The duty of this court, pursuant to Section 362 of the Criminal Procedure Code, is merely to satisfy itself as to the correctness, legality or propriety of the finding in the ruling delivered on 11th March, 2014.  See the case of Uganda –Vs- Polasi (1970) EA 638 in which the court stated as follows:-

“……once this state of affairs has come to the notice of the High Court what must it do when it is by Section 3 of the Judicature Act 1967, enjoined to exercise general powers of supervision and control over a magistrate’s court, coupled with specific powers of revision under Section 341 of the Criminal Procedure Code?  The court is clothed with authority to correct errors…… I would hold that in the circumstances of the case, even if the court is funtus officio, it has jurisdiction under its revisional powers to correct the formidable error of the trial magistrate, which has clearly occasioned a miscarriage of justice….”

In light of the above, this court only needs to satisfy itself that the learned magistrate addressed himself to the relevant issues that he was required to consider in arriving at his decision.  In this application, the applicant argues that the said magistrate failed to exercise his discretion judiciously by declining to grant leave for commencement of the intended private prosecution by addressing himself to extraneous matters that were not before him for his consideration.  He argues that the magistrate was, at that preliminary stage, required to address himself to issues as laid down in the case of Kimani –Vs- Kihara (1983) e KLR.  which were:-

Whether the DPP had been informed of the matter.

Whether the DPP has or had previously declined to institute the proceedings.

In his submissions filed on 6th May, 2015 at page 3, second last paragraph (albeit submissions not paginated), he submits as follows:-

“My Lord, a careful consideration of the trial magistrate’s ruling and the proceedings show that the he has enumerated a veritable list of documents presented in support of the request for permission to prosecute, and which documents have all been availed to the DPP.  The magistrate does not state what he feels is lacking that would require holistic investigations as prayed by the DPP.”

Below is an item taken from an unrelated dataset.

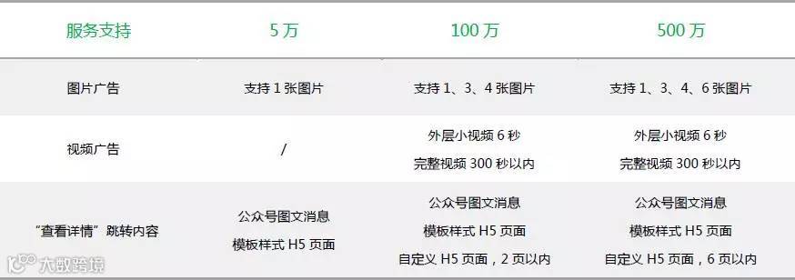 调整后不同投放门槛的服务标准如下表所示:

In the last paragraph on the same page the applicant submits that he faults the magistrate for misdirecting himself by concluding that the evidence of the applicant is comprised mainly of correspondence between various parties and entities and particularly in very ‘bizarre proposition questions’ why the applicant has not interrogated certain police investigating officers.  He submits that in doing so the magistrate took it upon himself in deciding the sufficiency and admissibility of the evidence which ought to be a preserve of the trial court.

I have had an opportunity of perusing through the material that was presented before the learned magistrate and the ruling he delivered.  In dismissing the applicant’s application the magistrate noted that the DPP was right in failing to commence prosecution against the respondent because he had to await the findings in the Civil Case No.312 of 2009 and CA No.40 of 2013.  He observed that it was inappropriate to sanction the prosecution of the respondent while the ownership of thetitle in issue had not been determined.  He arrived at a finding that the application was premature and lacked merit.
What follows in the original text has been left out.